• [Your task]
From the first line to the last, restate the records word for word, skipping the pictures.

• [Input for this task]
- - -
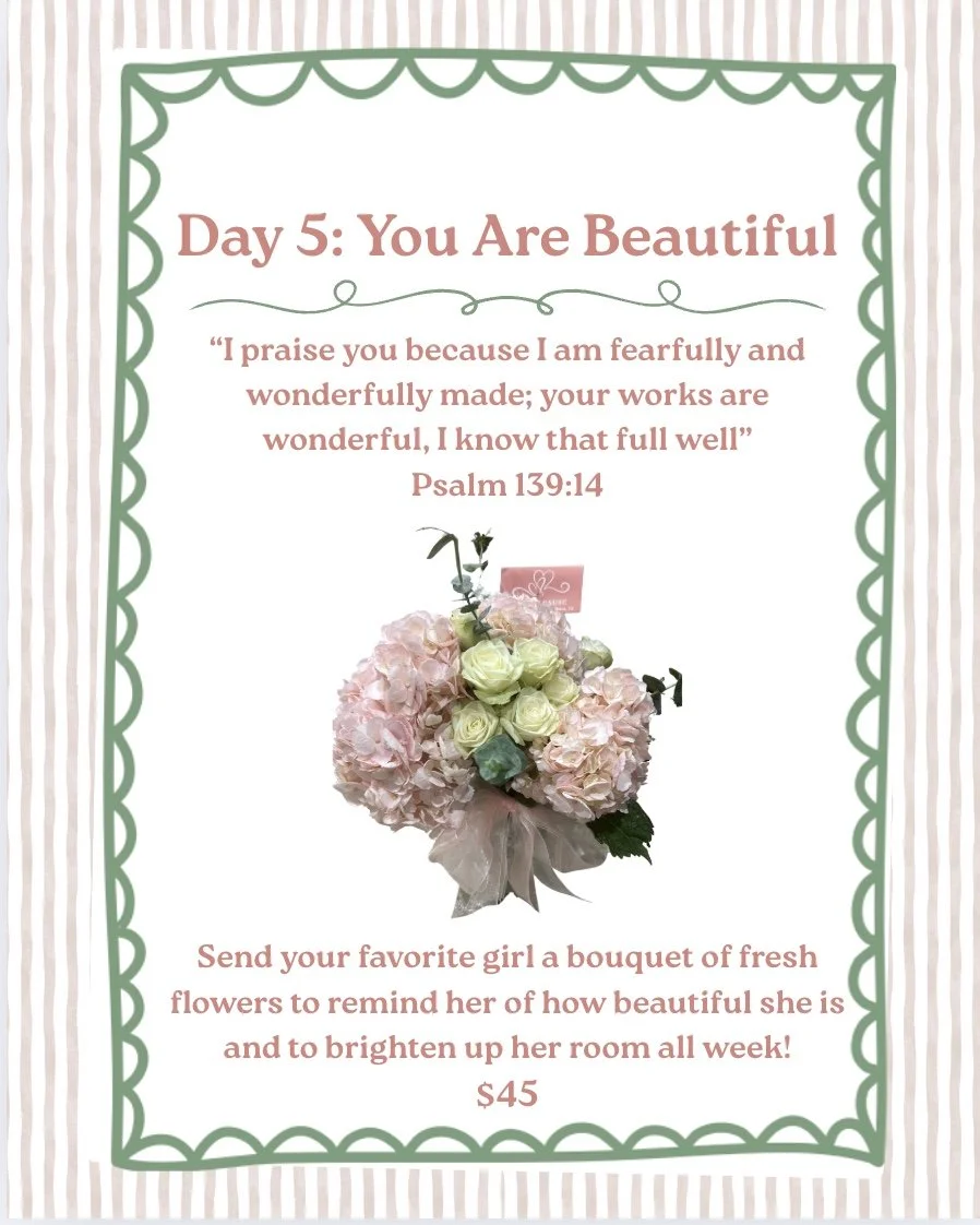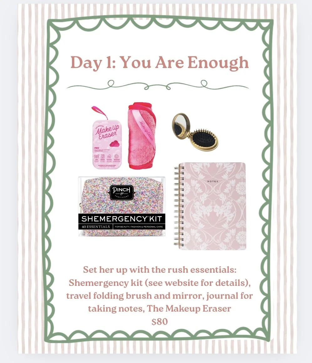 Categories: All RUSH WEEK DAILY HAPPIES "SMART" Finals Study basket Laura Park Designs (coming soon) Erin Gray Designs Jewelry GAME DAY! Homemade Sweets & Treats Girls Gifts Guys Gifts Greek Gifts Smathers & Branson Gifts PICKLEBALL!!!!! Services Baskets Floral Arrangements All / Rush Week Daily Happy Bundle (all of the daily happies) $300.00 Add To Cart Added! Rush Week Day 1 Happy: YOU ARE ENOUGH $80.00 Add To Cart Added! Rush Week Day 2 Happy: $52.00 Add To Cart Added! Rush Week Day 3 Happy: YOU MATTER...Pamper Yourself! $90.00 Add To Cart Added! Rush Week Happy Day 4: YOU ARE AS SWEET AS SUGAR $20.00 Add To Cart Added! Rush Week Happy Day 5: YOU ARE BEAUTIFUL $45.00 Add To Cart Added! Rush Week Happy Day 6: YOU ARE CHOSEN $44.00 Add To Cart Added!
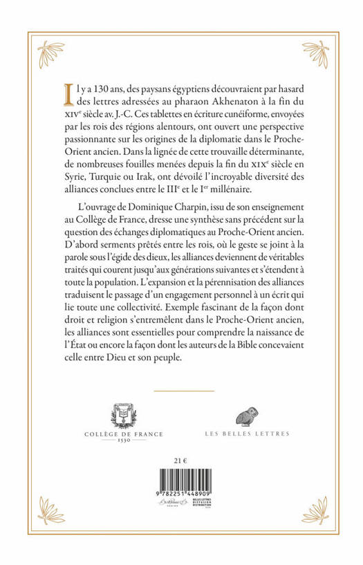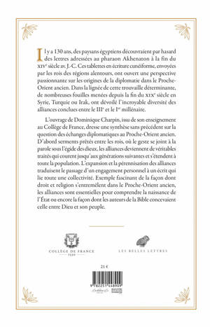 L’ouvrage de Dominique Charpin, issu de son enseignement au Collège de France, dresse une synthèse sans précédent sur la question des échanges diplomatiques au Proche-Orient ancien. D’abord serments prêtés entre les rois, où le geste se joint à la parole sous l’égide des dieux, les alliances deviennent de véritables traités qui courent jusqu’aux générations suivantes et s’étendent à toute la population. L’expansion et la pérennisation des alliances traduisent le passage d’un engagement personnel à un écrit qui lie toute une collectivité. Exemple fascinant de la façon dont droit et religion s’entremêlent dans le Proche-Orient ancien, les alliances sont essentielles pour comprendre la naissance de l’État ou encore la façon dont les auteurs de la Bible concevaient celle entre Dieu et son peuple.
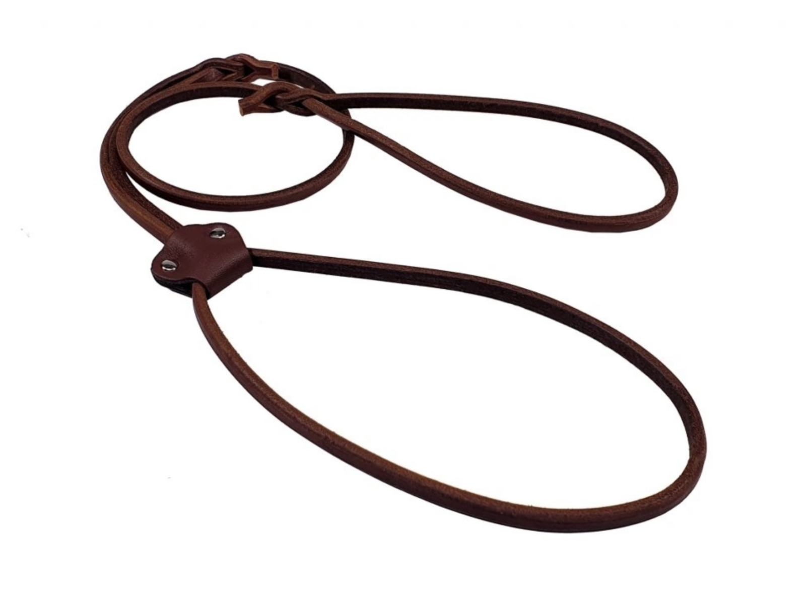 De showlijnen zijn gemaakt van stevig rond leer. Bij lijnen met een diameter van 4 mm zijn de verbindingen in het oor en de ogen stevig bevestigd met een plaatje, bij lijnen met een diameter van 6 mm en 8 mm zijn ze stevig verweven in het oor en in de lus. De lus is voorzien van een leren schuifgedeelte waarmee u hem omhoog en omlaag kunt bewegen, waardoor de omtrek van de lus kleiner of groter wordt, afhankelijk van de behoeften en de nekomtrek van de hond. De lijnen zijn geschikt voor middelgrote en grote rassen. Het leer moet worden verzorgd met geschikte producten die speciaal voor leer zijn bedoeld.
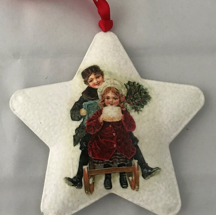 (This listing is for a single star decoration, Style Number 3, Children In Sleigh; please see my separate listings for the other two Styles/Designs)
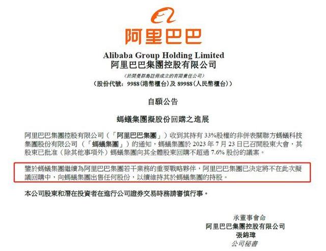 尽管蚂蚁集团已确认启动回购,阿里巴巴在最新公告中表示,“鉴于蚂蚁集团继续为阿里巴巴集团若干业务的重要战略伙伴,阿里巴巴集团已决定将不在此次拟议回购中,向蚂蚁集团出售任何股份,以续维持其于蚂蚁集团的持股。”
- - -
• [Response to this task]
 Categories: All RUSH WEEK DAILY HAPPIES "SMART" Finals Study basket Laura Park Designs (coming soon) Erin Gray Designs Jewelry GAME DAY! Homemade Sweets & Treats Girls Gifts Guys Gifts Greek Gifts Smathers & Branson Gifts PICKLEBALL!!!!! Services Baskets Floral Arrangements All / Rush Week Daily Happy Bundle (all of the daily happies) $300.00 Add To Cart Added! Rush Week Day 1 Happy: YOU ARE ENOUGH $80.00 Add To Cart Added! Rush Week Day 2 Happy: $52.00 Add To Cart Added! Rush Week Day 3 Happy: YOU MATTER...Pamper Yourself! $90.00 Add To Cart Added! Rush Week Happy Day 4: YOU ARE AS SWEET AS SUGAR $20.00 Add To Cart Added! Rush Week Happy Day 5: YOU ARE BEAUTIFUL $45.00 Add To Cart Added! Rush Week Happy Day 6: YOU ARE CHOSEN $44.00 Add To Cart Added!
 L’ouvrage de Dominique Charpin, issu de son enseignement au Collège de France, dresse une synthèse sans précédent sur la question des échanges diplomatiques au Proche-Orient ancien. D’abord serments prêtés entre les rois, où le geste se joint à la parole sous l’égide des dieux, les alliances deviennent de véritables traités qui courent jusqu’aux générations suivantes et s’étendent à toute la population. L’expansion et la pérennisation des alliances traduisent le passage d’un engagement personnel à un écrit qui lie toute une collectivité. Exemple fascinant de la façon dont droit et religion s’entremêlent dans le Proche-Orient ancien, les alliances sont essentielles pour comprendre la naissance de l’État ou encore la façon dont les auteurs de la Bible concevaient celle entre Dieu et son peuple.
 De showlijnen zijn gemaakt van stevig rond leer. Bij lijnen met een diameter van 4 mm zijn de verbindingen in het oor en de ogen stevig bevestigd met een plaatje, bij lijnen met een diameter van 6 mm en 8 mm zijn ze stevig verweven in het oor en in de lus. De lus is voorzien van een leren schuifgedeelte waarmee u hem omhoog en omlaag kunt bewegen, waardoor de omtrek van de lus kleiner of groter wordt, afhankelijk van de behoeften en de nekomtrek van de hond. De lijnen zijn geschikt voor middelgrote en grote rassen. Het leer moet worden verzorgd met geschikte producten die speciaal voor leer zijn bedoeld.
 (This listing is for a single star decoration, Style Number 3, Children In Sleigh; please see my separate listings for the other two Styles/Designs)
 尽管蚂蚁集团已确认启动回购,阿里巴巴在最新公告中表示,“鉴于蚂蚁集团继续为阿里巴巴集团若干业务的重要战略伙伴,阿里巴巴集团已决定将不在此次拟议回购中,向蚂蚁集团出售任何股份,以续维持其于蚂蚁集团的持股。”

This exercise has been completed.